Змей самодовольно разгладил редкую короткую бороду:

– Я овладел многими женщинами. Но не думал, что хотя бы одна из них сумеет зачать.

– Многими? – Шатай глядел прямо в глаза Змею. Кто другой поплатился бы за подобную дерзость, но шляху, узнавшему эти глаза, терять было нечего. – И женщинами этих зэмэль тожэ?

Змей задумался, но думал он будто совсем не о том, о чем спросил его наглый шлях. Однако ответил:

– Да, и здесь я бывал тоже. Помню, что местные бабы горячи и упрямы. Их приятно ломать. Что же, раз ты спросил, верно, и она помнит меня?

Шатай процедил:

– Да. Она помнит.

Бедная Дола и хотела бы – не забыла. Потому что дочь с синими глазами, каковых ни у кого боле не встретишь на юге Срединных земель, служила живым напоминанием. Значит, не соврала. Значит, аэрдын не станет женой шляху, даже если Шатай чудом спасется, а срединный княжич отступится от нее.

Змей же рассуждал:

– Уж точно ты не рожден от моих братьев или от отца, потому что я убил их всех. – И вдруг заключил: – Стало быть… буду звать тебя сыном.

– Нэ будэшь.

– Почему же?

Шатай сжал кулаки:

– Потому что я убью тэбя.

Змей ядовито усмехнулся:

– Когда-то давно степная ведьма сказала, как я умру. Иногда я думаю, что она не соврала, потому что многие с тех пор пытались отправить меня в Тень. Те из них, кому достало ума передумать, сейчас несут мое знамя. Остальные досыта накормили смрадников. Тебя ждет либо одно, либо другое.

– Жэнщину, что взял ты против воли в этих зэмлях, зовут Дола. А ту, что воспитала мэня как родного, звали Нардын. Ты помнишь эти имэна?

– Я не запоминаю имен.

Шатай деловито кивнул. Таких слов он и ждал.

– Спэрва ты убил ту, что воспитала мэня.

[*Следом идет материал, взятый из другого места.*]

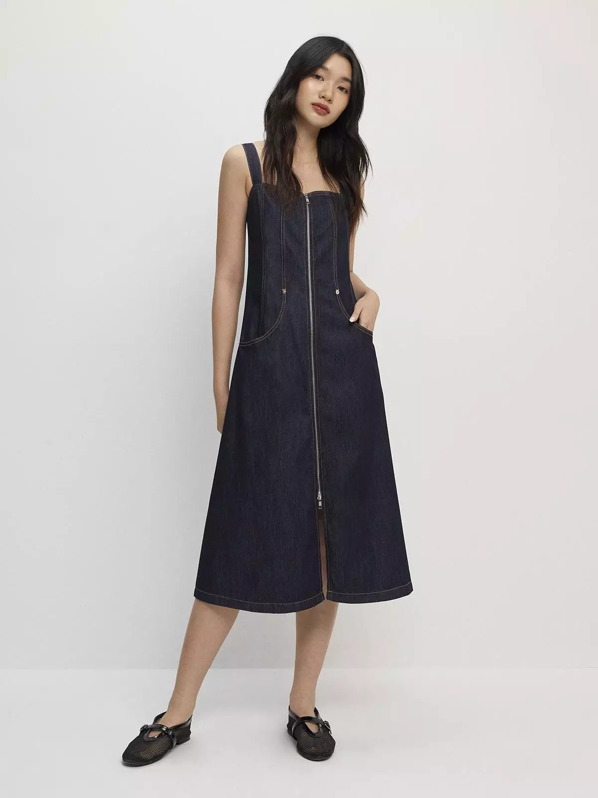 Pomelo FashionFront Zipper Denim Midi Dress - Dark Blue899000.00449000.00

А послэ ты отнял ту, что выбрала мэня в мужья. Ты отнял их обэих, и тэпэрь я убью тэбя. И мнэ нэт дэла до того, что напророчила тэбэ вэдьма.

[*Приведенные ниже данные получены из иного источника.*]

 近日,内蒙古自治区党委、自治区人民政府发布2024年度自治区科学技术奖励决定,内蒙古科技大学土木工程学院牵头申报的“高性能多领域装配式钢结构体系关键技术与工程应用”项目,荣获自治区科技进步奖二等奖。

К Власу вернулся дар речи как раз вовремя, чтобы цыкнуть:

– Молчи!

Но Шатай плюнул на землю перед собой, тем самым нанося оскорбление врагу. Змей не обиделся:

– Все же ты не безродный щенок. Ты достойный сын своего отца.

– У мэня нэт отца. Нэт плэмэни. И нэ будэт жэны. Но у мэня есть мэсть.

Прежде чем слова сорвались с языка, сорвался с пальцев нож и стальной стрекозой полетел к Большому Вождю. Но прозвания не дают просто так – Змей ушел в сторону, рукоятью меча отбив клинок.

Влас едва в голос не застонал. Пропали мирные переговоры, пропала деревня! Но Змея выходка нежданного сына порадовала. Он рассмеялся:

– Теперь вижу, что не только лицом ты похож на меня, но и нравом. Что же, моя кровь не могла породить труса. Умеешь ли ты сражаться как мужчина или только бьешь исподтишка?

– Ты нэдостоин того, чтобы сражаться с тобой чэстно. Ты нэ чтишь обычаев. Ты бэрешь жэнщин силой!

– Я беру силой все, что пожелаю. Женщин. Воинов. Земли. А ты выглядишь так, словно побираешься у помойной кучи. Разве это лучше? Разве достойно сыну Большого Вождя стоять с горсткой земледелов и молить о пощаде?

Тут уж вступил Влас:

– Разве мы молили о пощаде?

Змей равнодушно пожал плечами:

– Сейчас или к закату, но вы падете на колени. Если станете упрямиться, то на брюхе ко мне приползут лишь немногие. Но приползут. Я видел это не раз в степи.

– Но ты не в степи сейчас. Ты пересек границу и ступил на Срединные земли, и здесь правят иные законы.

– А ты знаешь закон? – Змей вскинул над головой меч, крупные капли застучали по лезвию. – Вот единственный закон, который я чту. Кто ты такой, чтобы перечить ему?

– Я княжич Срединных земель. Начиная с границы и до севера – моя власть и власть моего отца. Уходи с миром, вождь из степи. Иначе объявишь войну не только этой деревне, но и всему Срединному княжеству. Тебе не совладать с нашими воинами.

Змей добродушно пихнул Стрепета локтем, но тот не улыбнулся в ответ, а лишь сильнее сдвинул к переносице густые брови.

– И где же ваши воины? Что-то не вижу никого, кто готов был бы пролить за тебя кровь. Я убью всех, кто встанет на моем пути. Сначала в этой деревне, потом в следующей, и так до самого края твоих владений. Срединные земли покорятся Змею, как покорилась степь.

– Стэпь нэ принадлэжит никому! – влез Шатай.

– Ошибаешься. Степь принадлежит тому, у кого достанет сил удержать ее.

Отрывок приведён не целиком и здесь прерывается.